Toprakta Yoksa İnsanda Da Yok PROF. DR. SAİT GEZGİN
-''DEMİR, ÇİNKO, SELENYUM GİBİ MADDELERİN GIDA ZİNCİRİNE
BİTKİLER VASITASIYLA GİRMESİ GEREKİYOR. BİTKİ TOPRAKTAN BU
ELEMENTLERİ ALAMAYINCA, İNSAN VE HAYVANLARDA DA BU NOKSANLIKLAR
ORTAYA ÇIKIYOR''
-''ÖZELLİKLE KIRSAL KESİMLERDE, UN VE UN MAMÜLLERİYLE BESLENEN
İNSANLARIMIZDA, BAŞTA KADINLAR VE ÇOCUKLAR OLMAK ÜZERE, KANSIZLIK
İÇİN DEMİR HAPLARI, ŞURUPLARI ÇOK YOĞUN BİR ŞEKİLDE KULLANILIYOR''
KAYSERİ (A.A) - Selçuk Üniversitesi Ziraat Fakültesi Toprak
Bilimi ve Bitki Besleme Bölümü Öğretim Üyesi Prof. Dr. Sait Gezgin, Türkiye'deki
tarım topraklarında demir, çinko, selenyum gibi maddelerin eksik olduğunu
belirterek, ''Demir, çinko, selenyum gibi maddelerin gıda zincirine bitkiler
vasıtasıyla girmesi gerekiyor. Bitki topraktan bu elementleri alamayınca,
bitkileri tüketen insan ve hayvanlarda da bu noksanlıklar ortaya çıkıyor'' dedi. Gezgin, Tarım Federasyonu tarafından Kayseri İl Özel İdaresi Konferans
Salonu'nda düzenlenen Türkiye Kömür İşletmeleri Kurumu (TKİ) Genel Müdürlüğü
tarafından üretilen, hümik ve fulvik asit içeren doğal organik toprak
düzenleyicisi ''Hümas'ın tanıtım toplantısında yaptığı konuşmada, Türkiye'deki
tarım topraklarının yüzde 85'inin iklimin de etkisiyle Ph değerinin yüksek
olduğunu, yüzde 94'ünün ise yüzde 3'ün altında organik madde içerdiğini söyledi.
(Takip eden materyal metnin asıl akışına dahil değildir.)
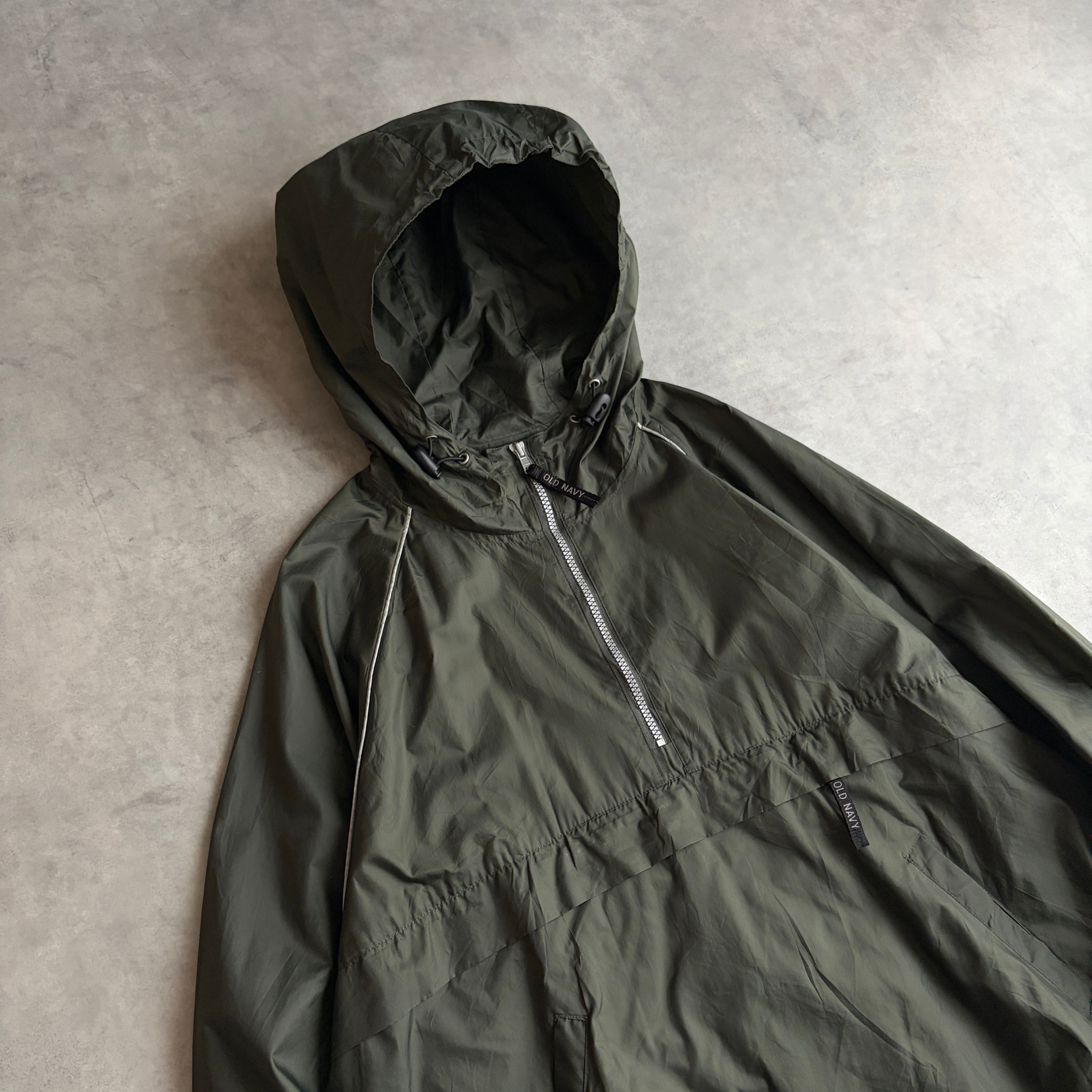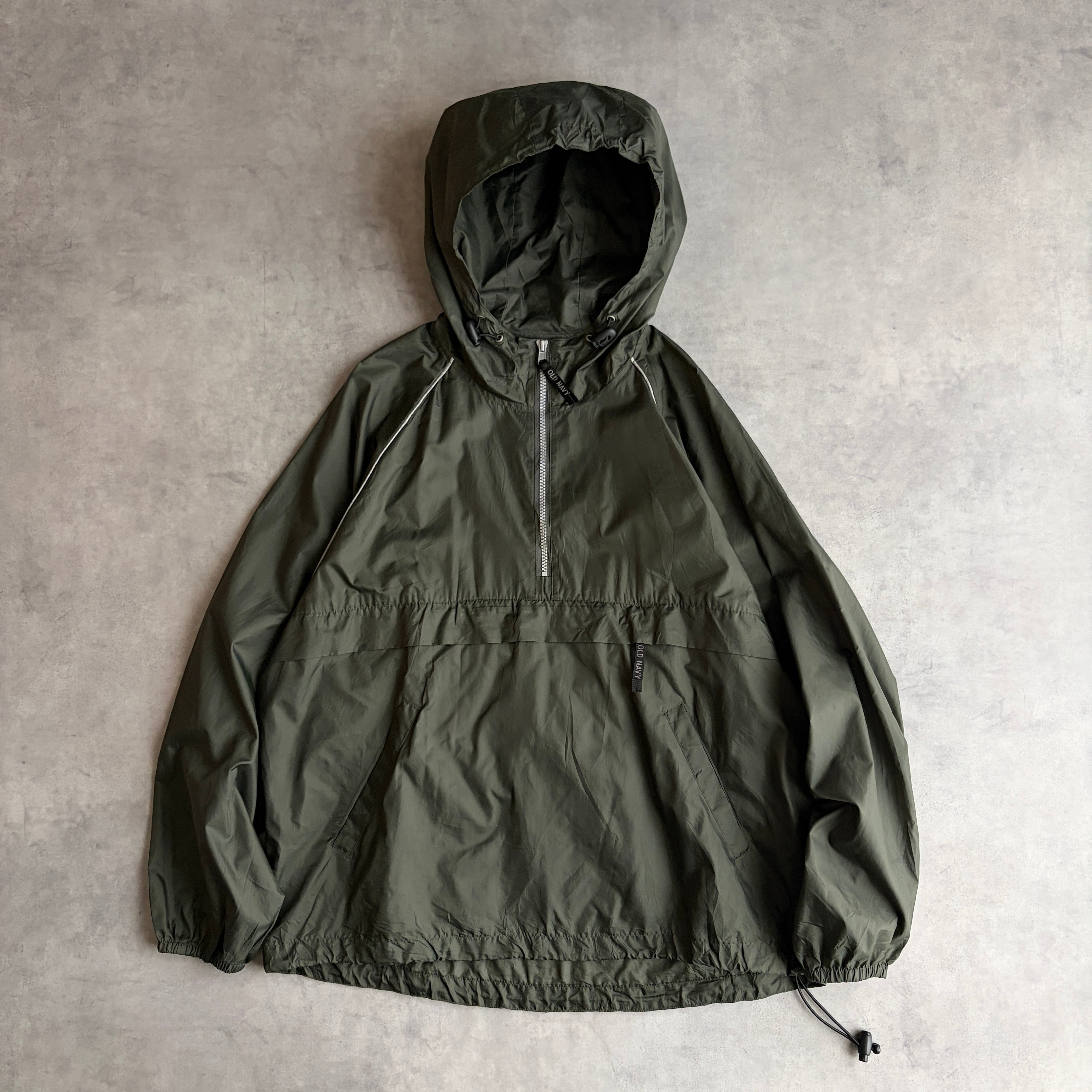90s〜00s/OLD NAVY/アノラックパーカー/パッカブル/プルオーバー/ハーフジップ/カンガルーポケット/収納/グリーン
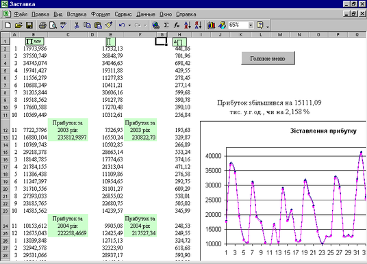 Для керування окремими частинами додатка використовується основна керуюча форма – головне меню (рис. 3.2). Головним меню є форма, у яку користувач попадає при натисканні кнопки "Старт" заставки. На ній відображається назва головного меню й елементи керування, що дозволяють переміщатися до різних складових частин додатка, з яких, у свою чергу, обов'язково реалізовані переходи назад у головне меню. Найбільш ефективний і наочним для основного меню є кнопковий інтерфейс робочого листа.
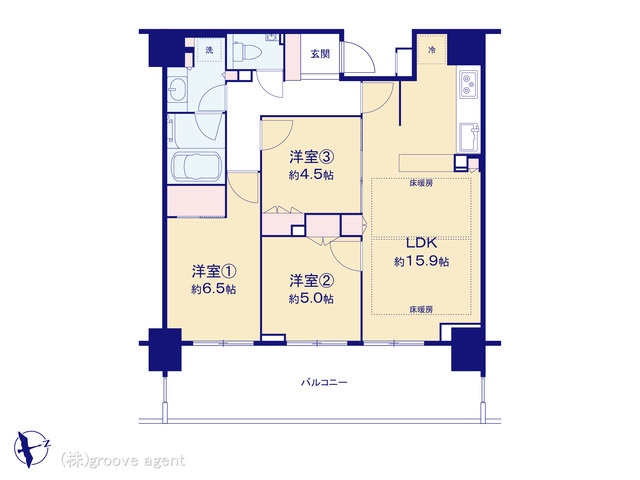 72㎡のゆとりある3LDK、床暖房完備
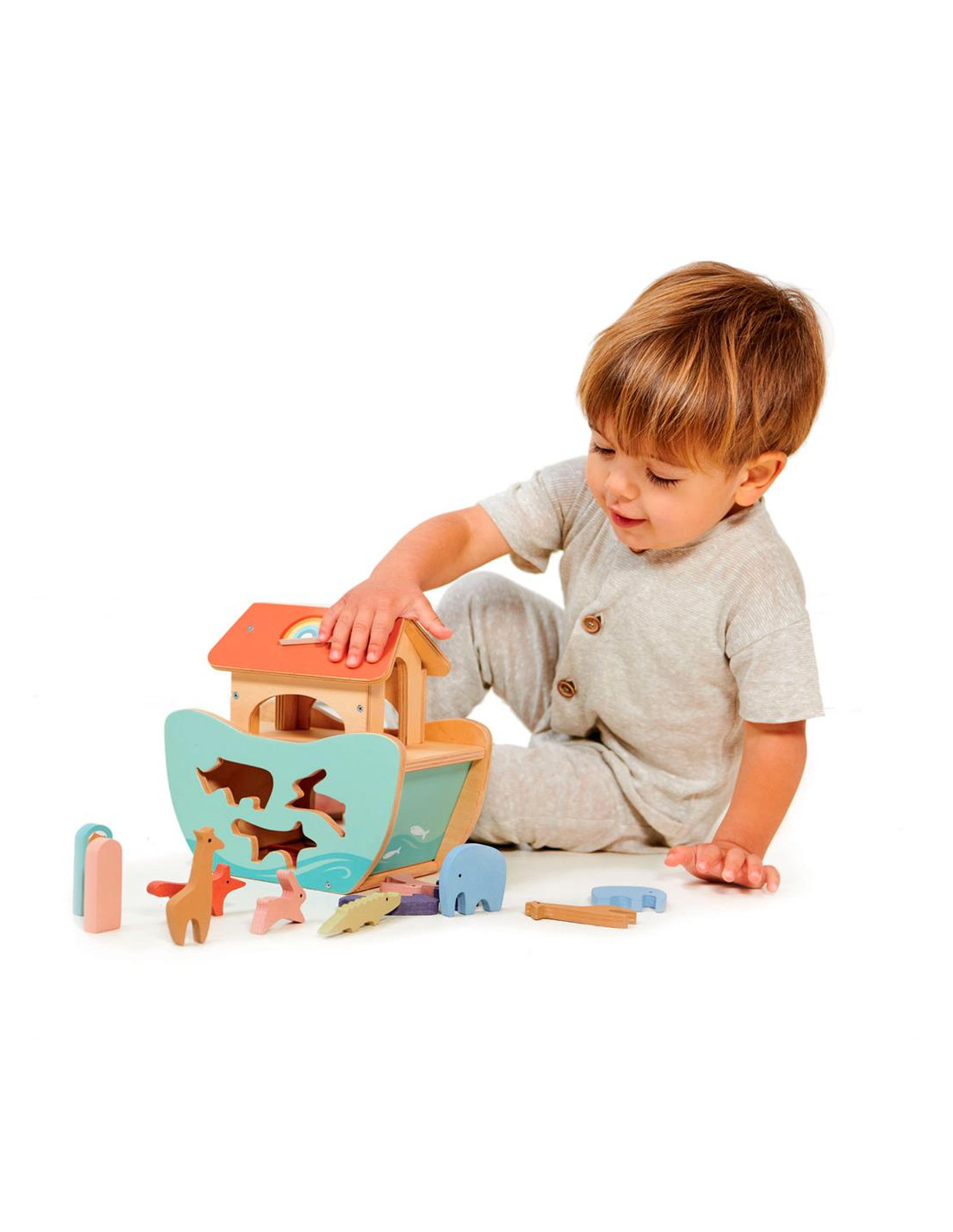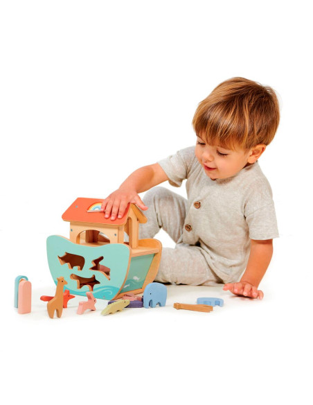 Cette arche de tri des formes est la plus petite et la plus soignée avec 6 paires d'animaux en bois massif, conçue spécialement pour les petites mains.

Toprakta demir, çinko, selenyum gibi maddelerin de eksik olduğunu dile
getiren Gezgin, ''Bunları özellikle ifade ediyorum. Bu elementler insanlarımızda
da eksik. Çünkü, demir, çinko, selenyum gibi elementlerin gıda zincirine bitkiler
vasıtasıyla girmesi gerekiyor. Bitki topraktan bu elementleri alamayınca, bu
bitkileri tüketen insan ve hayvanlarda da noksanlıklar ortaya çıkıyor. Özellikle
Kırsal kesimlerde, un ve un mamülleriyle beslenen insanlarımızda, başta kadınlar
ve çocuklar olmak üzere, kansızlık için demir hapları, şurupları çok yoğun bir
şekilde kullanılıyor'' diye konuştu.
Gezgin, tarım topraklarındaki organik madde eksikliğini giderebilmek için
yılda 5 milyar ton gübreye ihtiyaç olduğunu, organik maddeyi aynı düzeyde
tutabilmek için de her yıl buna 2 milyar ton ilave edilmesi gerektiğini dile
getirerek, bunun da mümkün olmadığını anlattı.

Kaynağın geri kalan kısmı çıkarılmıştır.